Different Debts In Bankruptcy

: Chris Lee Law Firm

  Filed under: Debt

The bankruptcy process is quite helpful for many people dealing with financial hardship. Designed to provide relief for many types of debt, there are some specifics you should know about your debts and how they could be managed in bankruptcy.

Types Of Debt

The most common source of debt in bankruptcy is unsecured debt. These debts are called “unsecured” because they lack collateral for default.

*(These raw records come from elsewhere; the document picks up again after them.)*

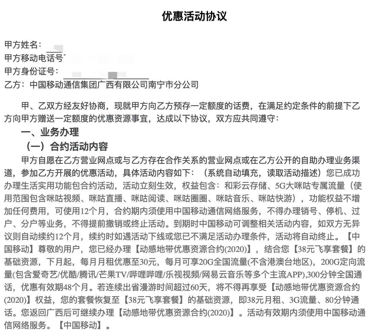 - 移动短信合约活动
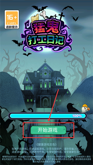 1、点击【开始游戏】按钮进入游戏,开启猛鬼打工日记的鬼屋经营之旅,体验轻微恐怖的模拟经营乐趣。
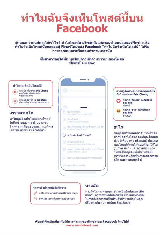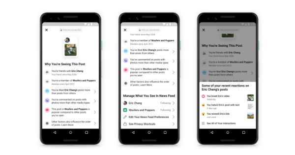 เพื่อช่วยให้ผู้คนเข้าใจและสามารถควบคุมสิ่งที่พวกเขาเห็นบนฟีดข่าวได้ง่ายยิ่งขึ้น เมื่อเร็วๆ นี้ Facebook จึงได้อัพเดทฟีเจอร์ “ทำไมฉันจึงเห็นโฆษณานี้” พร้อมแนะนำฟีเจอร์ “ทำไมฉันจึงเห็นโพสต์นี้” ซึ่งอธิบายว่าปฏิสัมพันธ์ของผู้คนส่งผลกระทบต่อการจัดอันดับโพสต์บนฟีดข่าวของพวกเขาอย่างไร โดยการอัพเดทและแนะนำฟีเจอร์ใหม่ครั้งนี้เกิดขึ้นไล่เลี่ยกับการอัพเดทการจัดอันดับเนื้อหา เมื่อไม่นานมานี้ เพื่อช่วยให้ผู้คนเชื่อมต่อกับโพสต์ที่มีความหมายมากที่สุดสำหรับพวกเขา
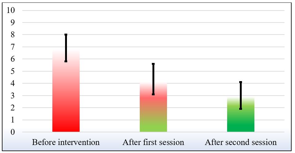 There was an improvement in the pain as assessed by the VAS score after the first session (P-value= 0.003) and after the second session compared to the first session (P-value= 0.004, respectively) as shown in table III and figure 1.
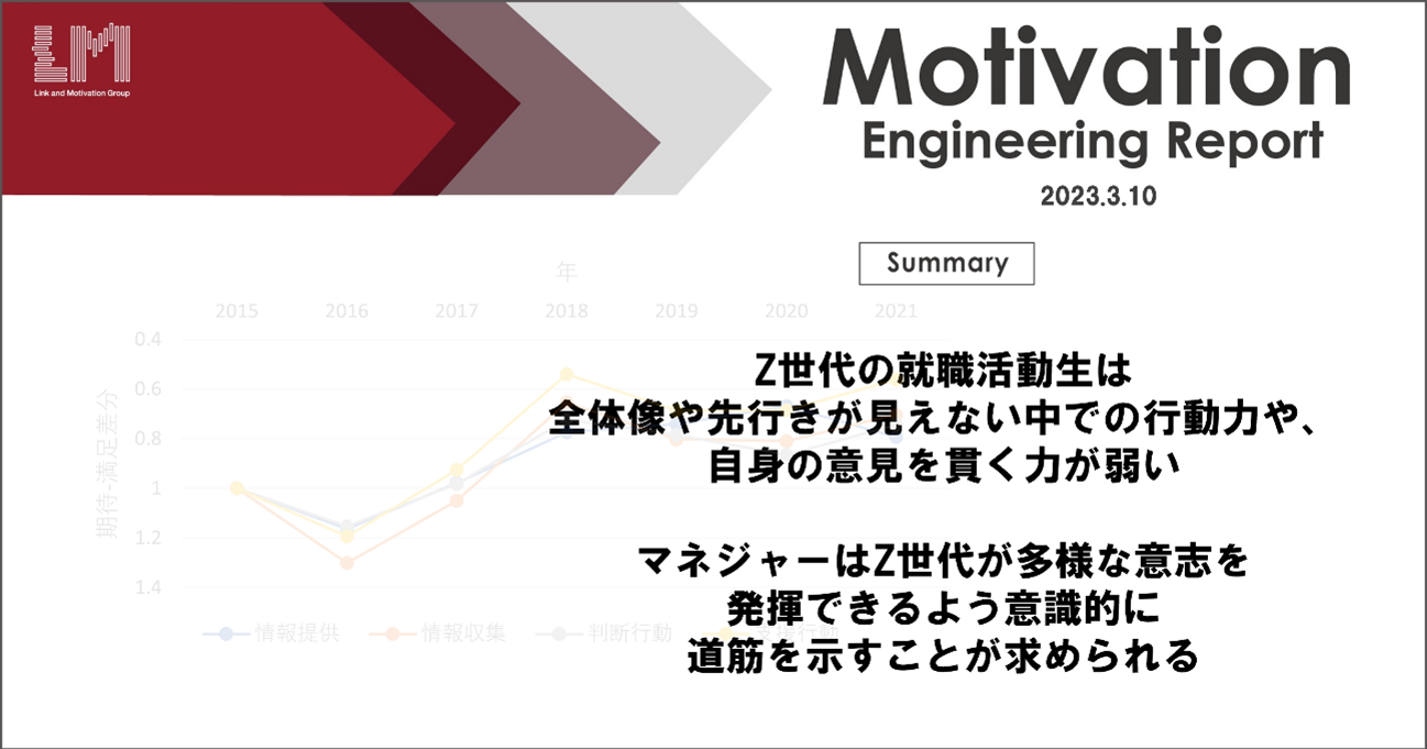 最新の研究結果 HOME 研究開発 モチベーションエンジニアリング研究所 最新の研究結果一覧 研究結果詳細ページ 「Z世代へ求められるマネジメント」に関する研究結果を公開 2023.3.10 株式会社リンクアンドモチベーション(本社:東京都中央区、代表:小笹芳央、証券コード:2170)の研究機関であるモチベーションエンジニアリング研究所は、「Z世代へ求められるマネジメント」に関する調査を行いましたので、結果を報告いたします。 調査結果は下記よりご覧ください。 ダウンロード 記事をシェアする
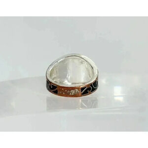 Vintage Silver Tone Enamel Swirl Design Tapered Retro Modernist Ring - Size 6.75

In other words, there is no asset tied to these debts that can be seized for liquidation if you fail to pay. Credit cards, utility bills, medical bills, some loans and domestic support obligations are all examples of unsecured debt. However, it doesn’t mean they are all treated the same. Credit cards, utility bills and medical bills are easily discharged in either Chapter 7 or Chapter 13 bankruptcy. ┬áStudent loans and domestic support obligations are also considered unsecured debts, but these are generally not eligible for bankruptcy. In the rare case they are accepted by the court, they would only be eligible for Chapter 13 repayment plan assistance.

Secured debts are those in which an asset is used as collateral on the loan, which can be seized and liquidated in the event of default. Car loans, mortgages, title and payday loans are common examples of secured debts. While all of these are typically eligible for bankruptcy protection they are often better served in Chapter 13, where the debts are repaid over time. The reason is that the asset used as collateral is better protected when these debts are repaid rather than erased in Chapter 7. Although tax debts are not secured against any particular asset, the IRS does have a right to place a lien on your property in order to collect on the debt. Tax debts are an unofficial secured debt, and are also tricky to have included in a bankruptcy.